The output should be the listing below, limited to the lines from the one with "The featured necklace" through the one with "Marko Milovanović je", exact and without pictures.
··· Supplied information
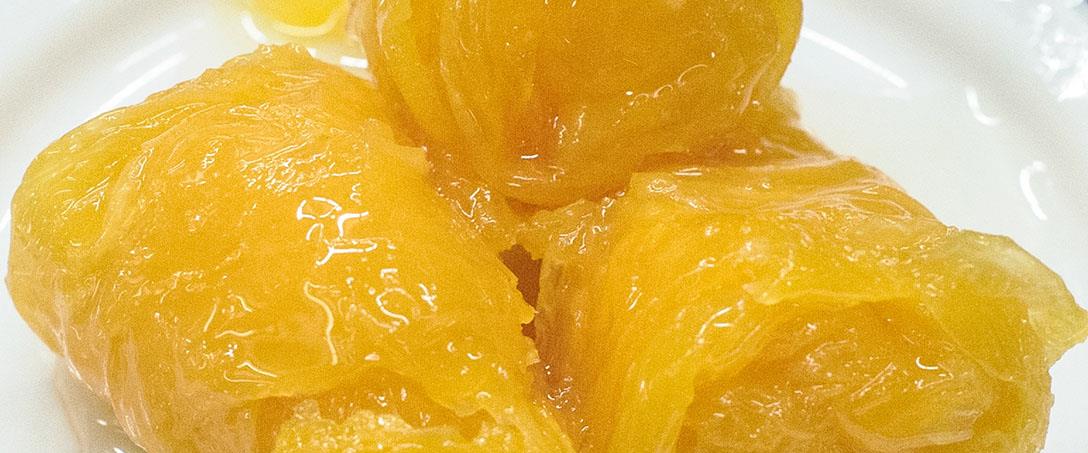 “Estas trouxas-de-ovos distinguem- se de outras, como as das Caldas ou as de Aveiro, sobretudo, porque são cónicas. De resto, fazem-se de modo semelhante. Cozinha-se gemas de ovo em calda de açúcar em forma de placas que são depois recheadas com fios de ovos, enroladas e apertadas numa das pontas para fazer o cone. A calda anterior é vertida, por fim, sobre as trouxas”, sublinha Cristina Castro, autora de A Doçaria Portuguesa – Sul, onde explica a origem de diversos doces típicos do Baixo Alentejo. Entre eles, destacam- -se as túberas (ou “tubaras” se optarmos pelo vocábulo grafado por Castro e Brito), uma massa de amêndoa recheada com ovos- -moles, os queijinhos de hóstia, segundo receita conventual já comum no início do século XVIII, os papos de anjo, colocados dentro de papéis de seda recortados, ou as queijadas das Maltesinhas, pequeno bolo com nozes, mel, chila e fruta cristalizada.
······
··· Supplied information
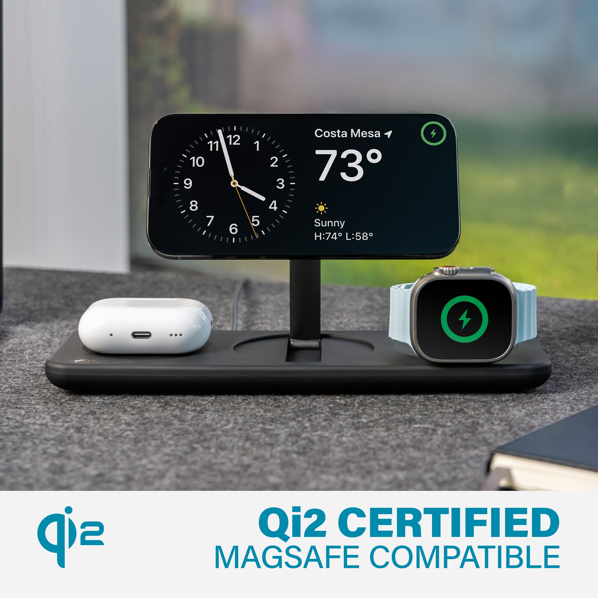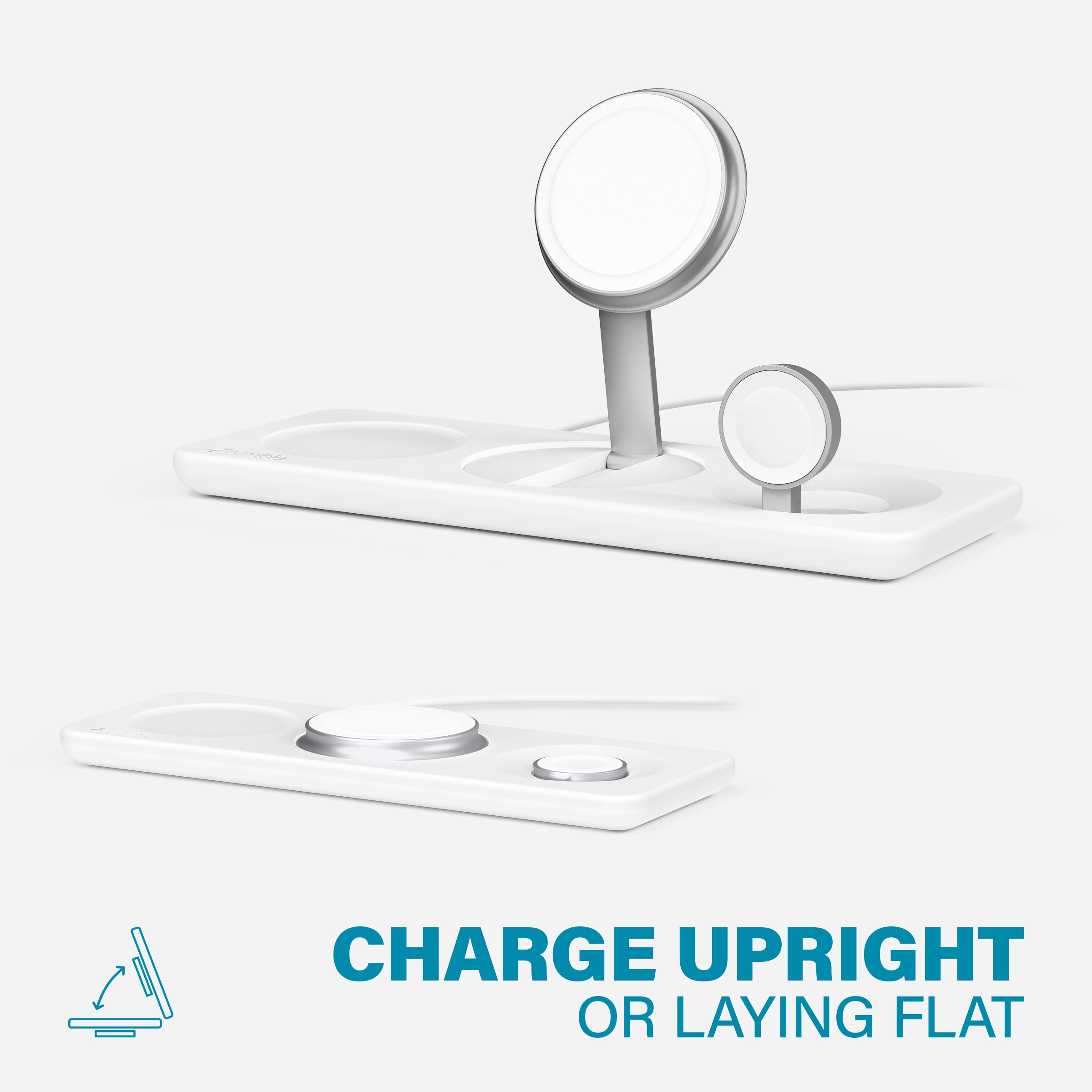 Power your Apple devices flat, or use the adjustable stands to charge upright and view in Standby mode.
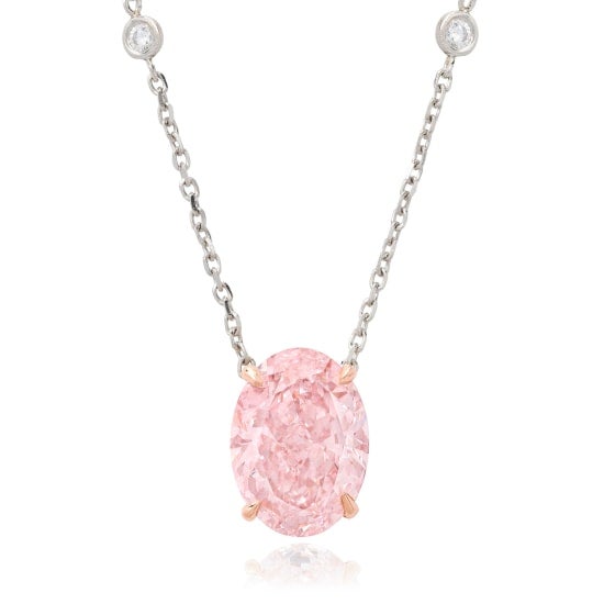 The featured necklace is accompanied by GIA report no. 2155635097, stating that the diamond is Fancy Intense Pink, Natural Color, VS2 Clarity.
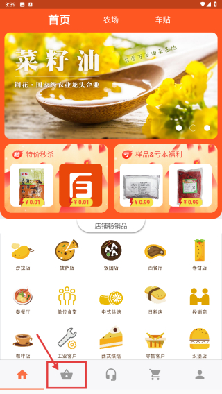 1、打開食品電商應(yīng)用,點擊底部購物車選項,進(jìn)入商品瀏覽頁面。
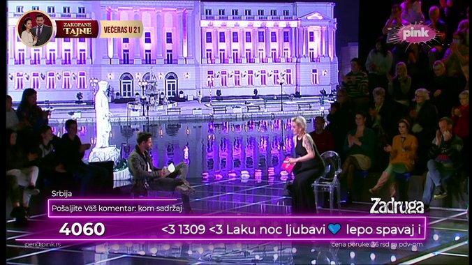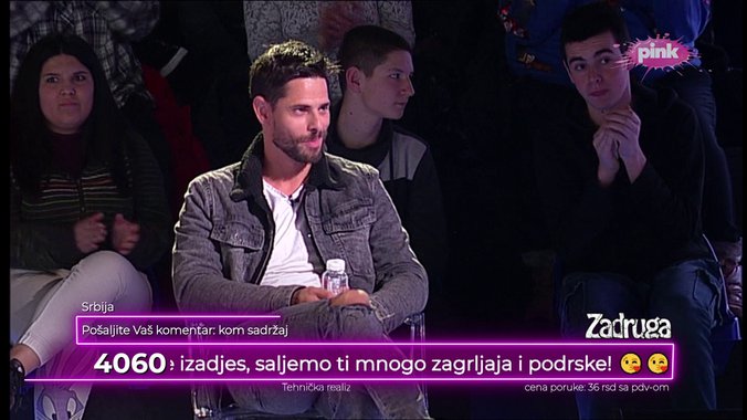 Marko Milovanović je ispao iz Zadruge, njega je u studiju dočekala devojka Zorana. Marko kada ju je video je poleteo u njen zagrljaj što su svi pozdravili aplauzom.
······
··· Supplied information
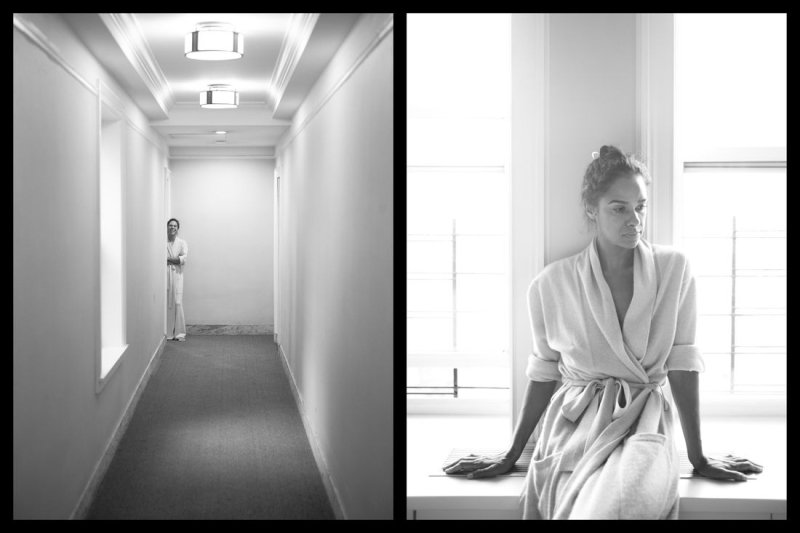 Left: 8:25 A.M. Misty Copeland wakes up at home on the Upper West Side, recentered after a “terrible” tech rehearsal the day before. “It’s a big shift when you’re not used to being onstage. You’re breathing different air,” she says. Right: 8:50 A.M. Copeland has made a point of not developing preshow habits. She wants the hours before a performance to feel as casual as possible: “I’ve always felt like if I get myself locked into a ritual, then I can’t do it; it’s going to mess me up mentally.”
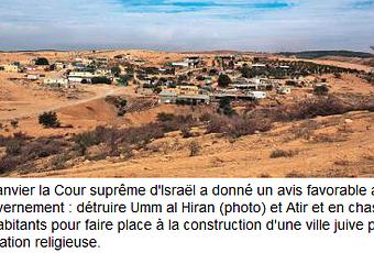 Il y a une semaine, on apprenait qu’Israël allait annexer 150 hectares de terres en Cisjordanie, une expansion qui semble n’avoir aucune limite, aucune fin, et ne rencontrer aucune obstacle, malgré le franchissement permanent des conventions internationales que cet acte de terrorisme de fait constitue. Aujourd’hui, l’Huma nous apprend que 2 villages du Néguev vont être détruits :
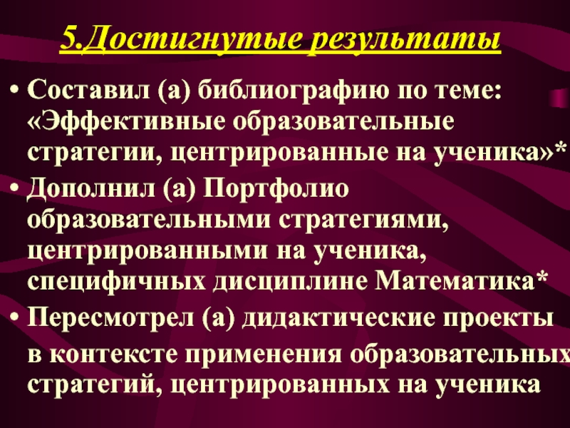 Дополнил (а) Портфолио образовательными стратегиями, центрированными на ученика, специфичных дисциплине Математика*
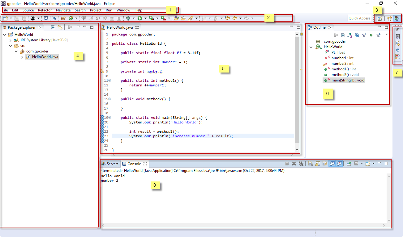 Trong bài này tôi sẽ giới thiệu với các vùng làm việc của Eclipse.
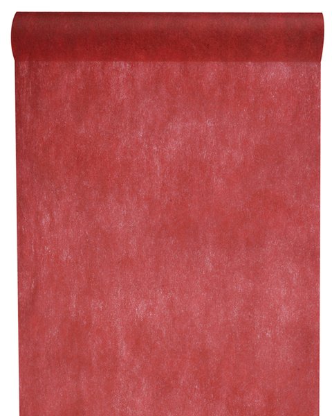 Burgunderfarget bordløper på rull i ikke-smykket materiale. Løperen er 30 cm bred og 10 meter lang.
······
**Answer to this task:**
 The featured necklace is accompanied by GIA report no. 2155635097, stating that the diamond is Fancy Intense Pink, Natural Color, VS2 Clarity.
 1、打開食品電商應(yīng)用,點擊底部購物車選項,進(jìn)入商品瀏覽頁面。
 Marko Milovanović je ispao iz Zadruge, njega je u studiju dočekala devojka Zorana. Marko kada ju je video je poleteo u njen zagrljaj što su svi pozdravili aplauzom.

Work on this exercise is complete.